History: 1982, Act 162, Eff. Jan. 1, 1983


State Codes and Statutes

State Codes and Statutes

Statutes > Michigan > Chapter-450 > Act-162-of-1982 > 162-1982-7 > Section-450-2736

NONPROFIT CORPORATION ACT (EXCERPT)
Act 162 of 1982

450.2736 Merger or consolidation of domestic corporations and domestic or foreign business corporations; procedure; compliance with applicable laws; plan of merger or consolidation; applicability of act to surviving or new corporation or business corporation governed by laws of other jurisdiction; liability of corporation or business corporation; service of process.

Sec. 736.

(1) Subject to section 301(5), one or more domestic corporations and 1 or more domestic business corporations and foreign business corporations may be merged or consolidated as provided in this act, if such merger or consolidation is not contrary to the law of the state of incorporation of any constituent foreign business corporation.

(2) With respect to procedure, including authorization by shareholders, members, or directors, each domestic corporation shall comply with the provisions of this act, each domestic business corporation shall comply with the provisions of Act No. 284 of the Public Acts of 1972, as amended, being sections 450.1101 to 450.2099 of the Michigan Compiled Laws, and each foreign business corporation shall comply with the applicable provisions of the law of the jurisdiction where it is organized.

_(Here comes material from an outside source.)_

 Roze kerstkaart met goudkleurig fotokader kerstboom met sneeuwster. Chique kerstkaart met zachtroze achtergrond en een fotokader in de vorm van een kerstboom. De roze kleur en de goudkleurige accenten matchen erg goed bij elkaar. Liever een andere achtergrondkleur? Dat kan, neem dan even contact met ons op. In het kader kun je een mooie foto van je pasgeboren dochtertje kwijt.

(3) The plan of merger or consolidation shall set forth, in addition to all matters required by section 701(2), the manner and basis of converting shares, membership or other interests in each constituent corporation or business corporation into shares, membership, or other interests of the surviving or consolidated corporation or business corporation, or the case or other consideration to be paid or delivered in exchange for shares, membership, or other interests in each constituent corporation or business corporation, or a combination thereof.

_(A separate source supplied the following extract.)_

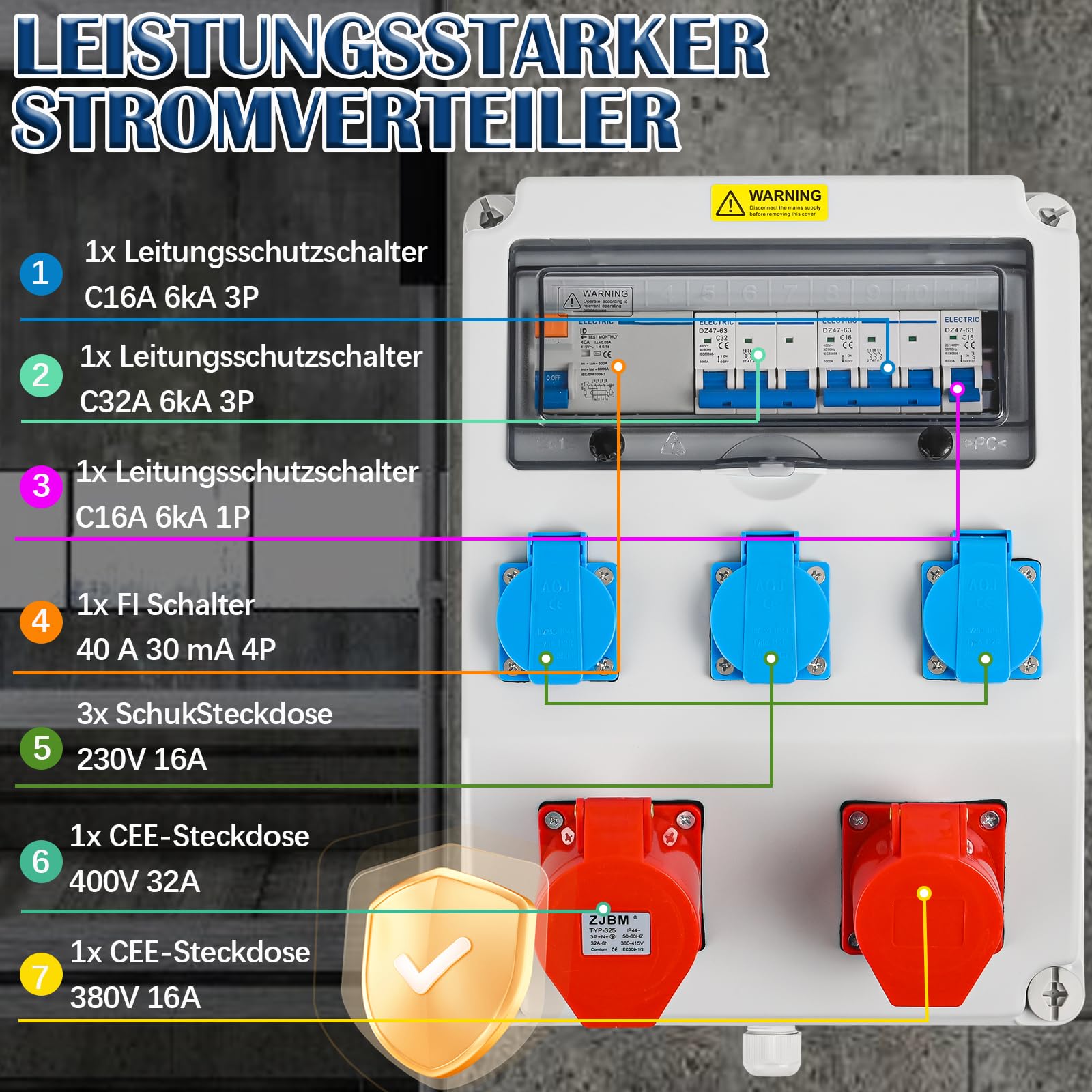 - Vielseitige Anschlüsse: Ausgestattet mit drei 230V Schuko-Steckdosen sowie je einer CEE 16A und CEE 32A Starkstromsteckdose für flexible Anwendungen.

(4) If the surviving or new corporation or business corporation is to be governed by the laws of a jurisdiction other than this state, it shall comply with the provisions of this act with respect to foreign corporations or foreign business corporations if it is to conduct affairs or to transact business in this state. The corporation or business corporation is liable and is subject to service of process in a proceeding in this state for the enforcement of an obligation of a domestic corporation or a domestic business corporation which is a party to the merger or consolidation.